Most of us will appreciate the principals of negative feedback loops and as soon as the body recognises that T3 levels are rising it will of course start to shut down its own production which may well lead to long term problems. Short term if you get things wrong it will also strip any hard earned muscle you may have acquired very quickly indeed. I have personally seen someone go from a very lean muscular condition to looking as though he had hardly set foot in a gym in a couple of weeks.

Clenbuterol has a long history of being (mis) used by athletes and the list of those having served bans for Clenbuterol use reads like a role call of the great and good from a number of sporting disciplines. Popular rumour also suggests that a number of Hollywood A listers have also resorted to its use in their quest to stay lean and mean for the camera.

Technically a Sympathomimetic beta 2 agonist Clenbuterol was used medically as a smooth muscle relaxant playing a role as a decongestant and Bronchodilator in asthma patients.

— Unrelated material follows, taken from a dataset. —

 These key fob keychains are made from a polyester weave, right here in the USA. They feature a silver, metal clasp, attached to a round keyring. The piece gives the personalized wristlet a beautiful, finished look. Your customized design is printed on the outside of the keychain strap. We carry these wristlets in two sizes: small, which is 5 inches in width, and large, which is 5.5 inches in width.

Its ability to act as a stimulant, Thermogenic and mild anabolic agent was not long lost on the athletic community and is now one of the most widely used Thermogenic pharmaceutical agents among recreational athletes very often “stacked” with T3 to make an extremely potent metabolic enhancer. On the professional circuit its ease of detection makes it considerably “old school”.

Some of the milder side effects include hand tremors, headaches and general feeling of unease. 

Finally, 2 of the nastiest substances you are likely to come across, DNP and Redotex.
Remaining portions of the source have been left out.